# [Given records]
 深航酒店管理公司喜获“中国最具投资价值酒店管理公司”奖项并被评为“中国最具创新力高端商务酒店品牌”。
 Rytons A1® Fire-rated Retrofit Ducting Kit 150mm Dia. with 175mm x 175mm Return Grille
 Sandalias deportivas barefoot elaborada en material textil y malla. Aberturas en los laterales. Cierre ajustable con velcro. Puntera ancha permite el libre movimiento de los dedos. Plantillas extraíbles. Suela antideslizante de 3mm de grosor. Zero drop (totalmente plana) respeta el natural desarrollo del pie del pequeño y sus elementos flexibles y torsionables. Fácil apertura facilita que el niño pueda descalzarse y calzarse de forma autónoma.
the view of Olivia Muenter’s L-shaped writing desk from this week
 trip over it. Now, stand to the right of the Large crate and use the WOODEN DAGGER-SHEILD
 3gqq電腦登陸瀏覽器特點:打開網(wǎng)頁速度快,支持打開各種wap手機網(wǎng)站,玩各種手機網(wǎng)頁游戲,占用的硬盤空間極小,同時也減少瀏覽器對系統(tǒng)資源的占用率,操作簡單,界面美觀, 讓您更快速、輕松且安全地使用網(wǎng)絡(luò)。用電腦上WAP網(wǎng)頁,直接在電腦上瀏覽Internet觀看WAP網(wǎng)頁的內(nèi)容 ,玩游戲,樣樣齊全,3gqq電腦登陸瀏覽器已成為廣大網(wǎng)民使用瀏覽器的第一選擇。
...
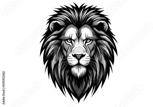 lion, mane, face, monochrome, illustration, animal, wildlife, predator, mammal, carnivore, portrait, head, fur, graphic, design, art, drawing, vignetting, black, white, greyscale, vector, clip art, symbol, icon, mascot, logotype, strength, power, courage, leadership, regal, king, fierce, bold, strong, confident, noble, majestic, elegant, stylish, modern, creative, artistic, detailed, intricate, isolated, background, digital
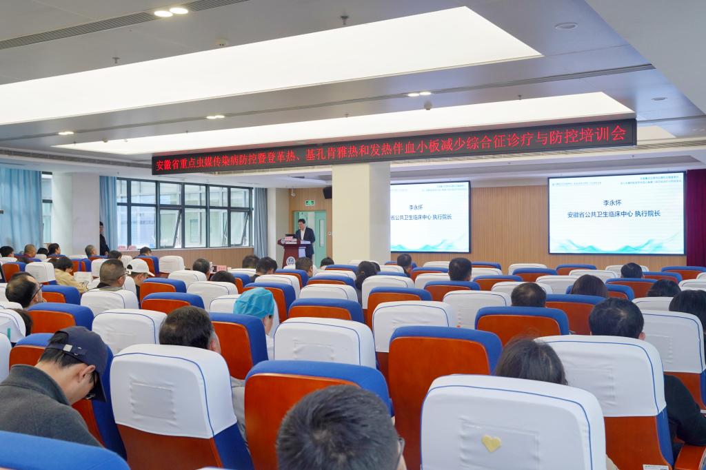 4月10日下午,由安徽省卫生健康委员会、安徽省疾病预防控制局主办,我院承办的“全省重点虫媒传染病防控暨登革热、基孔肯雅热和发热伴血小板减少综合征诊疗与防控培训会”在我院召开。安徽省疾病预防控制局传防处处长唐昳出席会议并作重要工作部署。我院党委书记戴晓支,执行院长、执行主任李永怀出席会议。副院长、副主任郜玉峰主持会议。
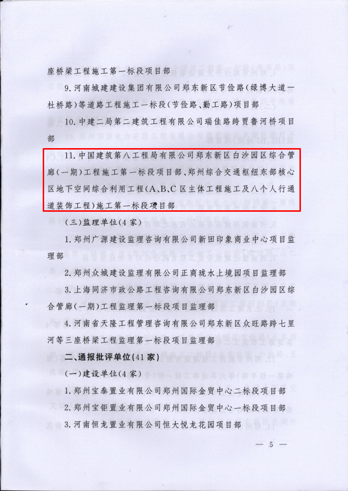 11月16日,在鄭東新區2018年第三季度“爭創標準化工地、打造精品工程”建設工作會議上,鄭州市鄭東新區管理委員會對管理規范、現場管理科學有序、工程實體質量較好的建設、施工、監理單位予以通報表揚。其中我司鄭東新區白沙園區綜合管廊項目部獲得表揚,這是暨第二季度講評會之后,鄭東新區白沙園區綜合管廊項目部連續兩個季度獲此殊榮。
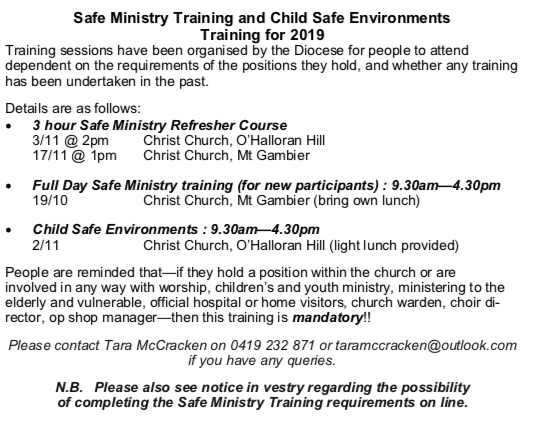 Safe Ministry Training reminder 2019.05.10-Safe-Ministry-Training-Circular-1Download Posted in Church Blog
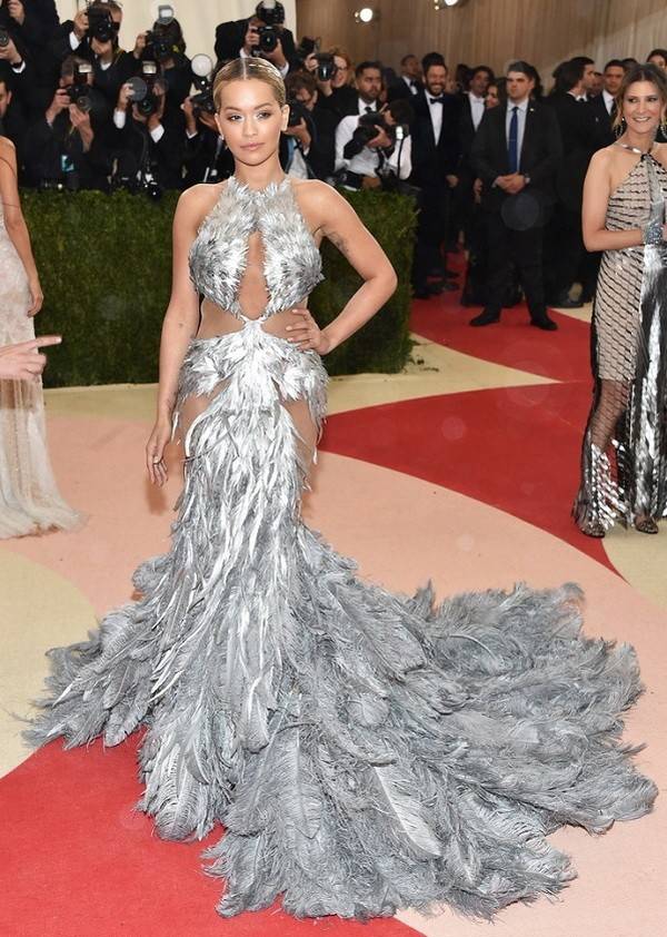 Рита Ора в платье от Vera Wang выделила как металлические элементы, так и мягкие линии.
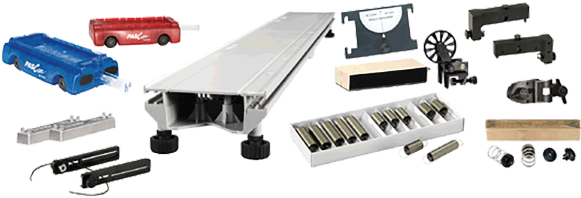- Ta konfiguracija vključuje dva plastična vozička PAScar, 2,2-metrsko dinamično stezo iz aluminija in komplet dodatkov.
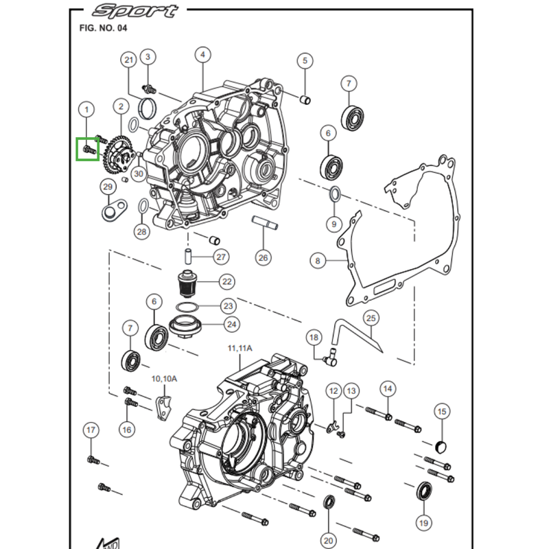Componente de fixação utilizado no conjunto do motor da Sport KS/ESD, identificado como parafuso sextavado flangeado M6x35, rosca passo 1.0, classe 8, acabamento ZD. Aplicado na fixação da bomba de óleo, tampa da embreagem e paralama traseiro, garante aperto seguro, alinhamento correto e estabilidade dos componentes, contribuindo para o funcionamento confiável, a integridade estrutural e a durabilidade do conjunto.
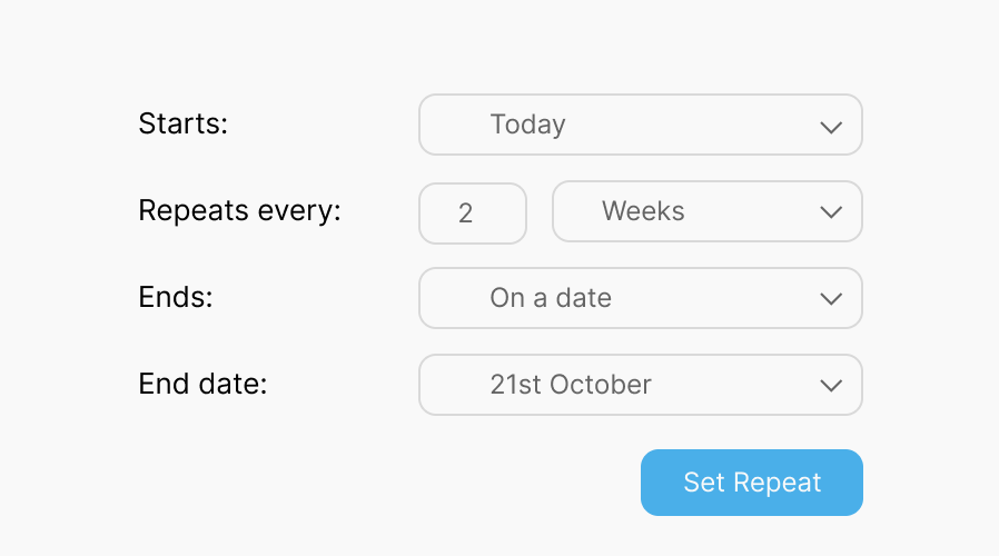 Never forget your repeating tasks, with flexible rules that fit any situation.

# [Task instructions]
Using the listing above, repeat word for word each line from the one with "Safe Ministry Training" down to the one with "- Ta konfiguracija", both included. Omit all pictures.

# [Written solution]
 Safe Ministry Training reminder 2019.05.10-Safe-Ministry-Training-Circular-1Download Posted in Church Blog
 Рита Ора в платье от Vera Wang выделила как металлические элементы, так и мягкие линии.
- Ta konfiguracija vključuje dva plastična vozička PAScar, 2,2-metrsko dinamično stezo iz aluminija in komplet dodatkov.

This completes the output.